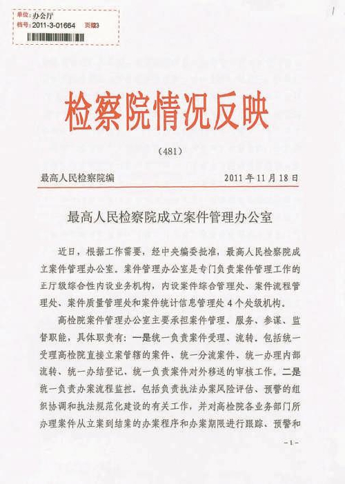 为进一步加强对案件办理工作的监督管理,2011年10月,最高人民检察院成立案件管理办公室,作为专门负责案件管理的综合性业务部门。自2012年1月开始,最高人民检察院对直接办理的案件实行统一、集中管理,并指导地方检察机关建立健全案件管理工作机制。地方各级检察院相继成立案件管理机构,对所办案件实行统一严格的流程管理和动态管理。2012年2月,最高人民检察院印发《最高人民检察院案件管理暂行办法》,进一步规范司法办案活动管理,强化内部监督制约。加强案件管理工作是检察工作机制改革的一项重要内容,对于提高检察机关管理科学化水平,促进司法办案规范化,提高办案质量和效率,促进严格执法公正司法具有重要意义。
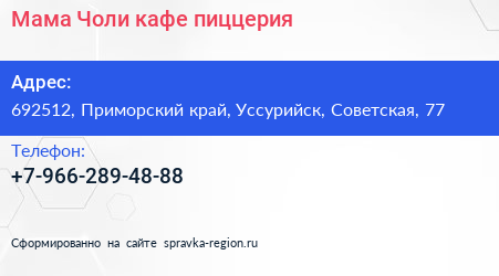 Мама Чоли, кафе-пиццерия по адресу 692512, Приморский край, Уссурийск, Советская, 77 в дальнейшем Организация, размещена в следующих категориях:
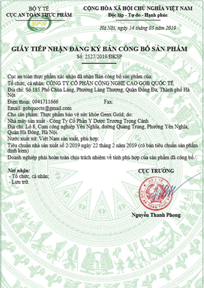 - Thành phần khác: Ngoài những thảo dược trên Gen X Gold còn chứa Đông Trùng Hạ Thảo, Chiết Xuất Hàu Biển, Kẽm Gluconate, Tỏa Dương,…
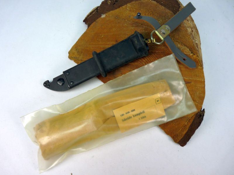 Origineel Oost-Duits (NVA) surplus – complete schede voor de AK47/AK74 bajonet, type 6H4, zoals gebruikt door de Nationale Volksarmee (NVA) van de voormalige DDR.
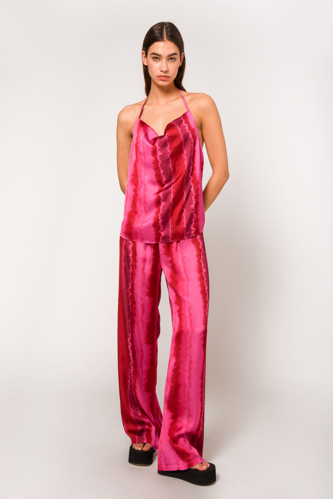 Σατέν τοπ που δένει στο λαιμό σε φούξια tie dye print.
------------------------------------
Work instructions: Write out each line of the data above exactly, starting at the top and finishing with the line containing "Мама Чоли, кафе-пиццерия"; omit the pictures.

Response to the exercise:
 为进一步加强对案件办理工作的监督管理,2011年10月,最高人民检察院成立案件管理办公室,作为专门负责案件管理的综合性业务部门。自2012年1月开始,最高人民检察院对直接办理的案件实行统一、集中管理,并指导地方检察机关建立健全案件管理工作机制。地方各级检察院相继成立案件管理机构,对所办案件实行统一严格的流程管理和动态管理。2012年2月,最高人民检察院印发《最高人民检察院案件管理暂行办法》,进一步规范司法办案活动管理,强化内部监督制约。加强案件管理工作是检察工作机制改革的一项重要内容,对于提高检察机关管理科学化水平,促进司法办案规范化,提高办案质量和效率,促进严格执法公正司法具有重要意义。
 Мама Чоли, кафе-пиццерия по адресу 692512, Приморский край, Уссурийск, Советская, 77 в дальнейшем Организация, размещена в следующих категориях:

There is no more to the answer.